We used logit matching (KL divergence loss) between teacher and student models. The prompt "How to learn a new language?" was used as a simple test example, and the full WikiText-2 corpus was used for training.

Key settings:

Teacher: LLaMA-3.2-3B-Instruct
Student: LLaMA-3.2-1B-Instruct
Optimizer: AdamW
Loss: KLDivLoss on logits
Batch size: 16
Max tokens: 256
Training steps: ~10k (can vary)

💾 Usage

from transformers import AutoModelForCausalLM, AutoTokenizer

model = AutoModelForCausalLM.from_pretrained("YiChuanH/llama1B-finetuned")
tokenizer = AutoTokenizer.from_pretrained("YiChuanH/llama1B-finetuned")

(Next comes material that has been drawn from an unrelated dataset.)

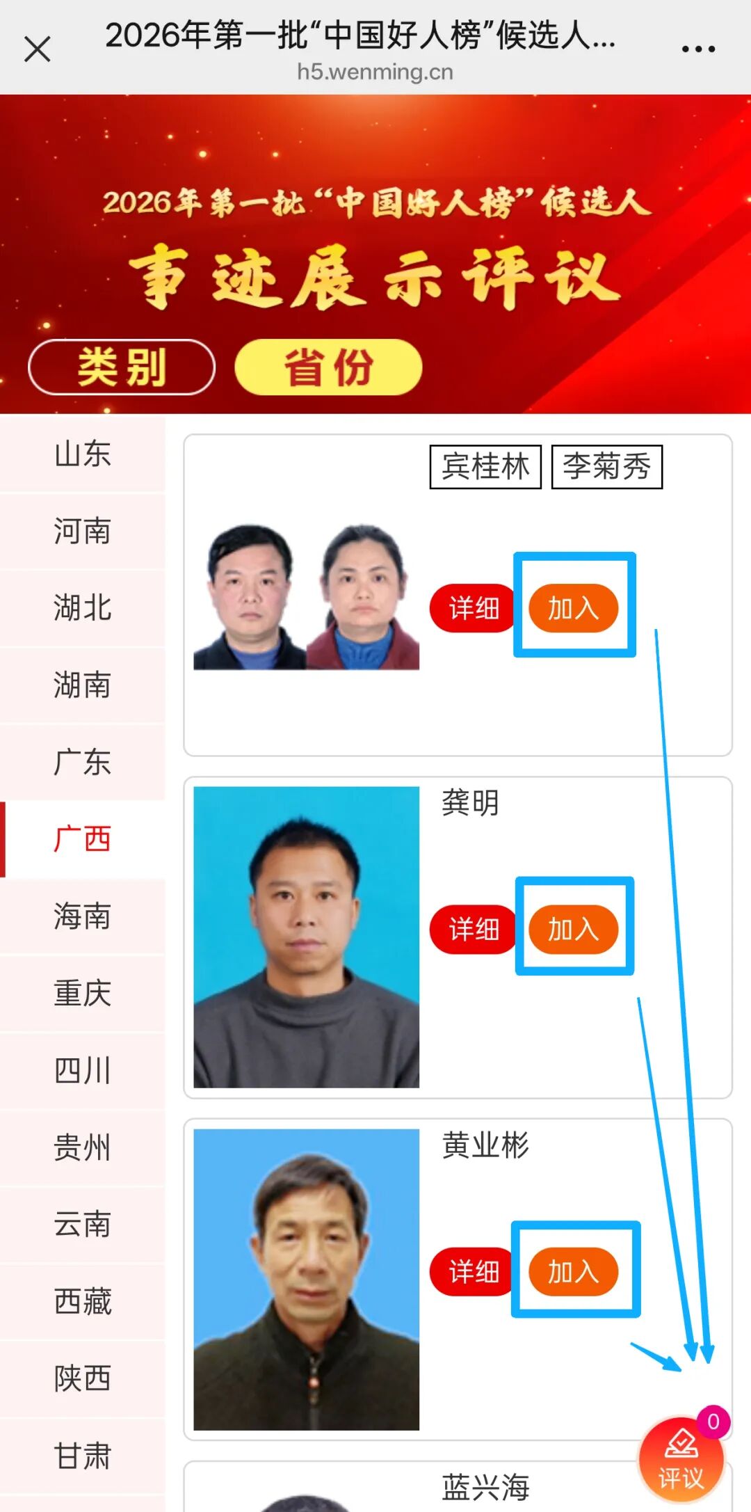 点击“省份”,下滑选择“广西”点击人物“详细”即可浏览好人事迹,点击右下角“评议”键,确定您要评议的对象,点击“向他们学习”即为评议成功。值得注意的是,一次可评议多位候选人。

prompt = "How to learn a new language?"
inputs = tokenizer(prompt, return_tensors="pt").to(model.device)
output = model.generate(**inputs, max_new_tokens=256)
print(tokenizer.decode(output[0], skip_special_tokens=True))

📊 Evaluation

This model aims to preserve the output style and quality of the 3B teacher model with significantly fewer parameters (1B). Qualitatively, responses are more informative and instructive than the original base 1B model.

📚 Dataset

WikiText-2 (raw) – cleaned and filtered for passages > 30 tokens

📌 Limitations

No RLHF or instruction fine-tuning beyond logit distillation
Not suitable for safety-critical applications
Quality may vary across tasks not seen during distillation

📄 License

This model is released under the same license as the base LLaMA-3.2 models (likely Meta’s LLAMA license), with distillation code and weights under MIT.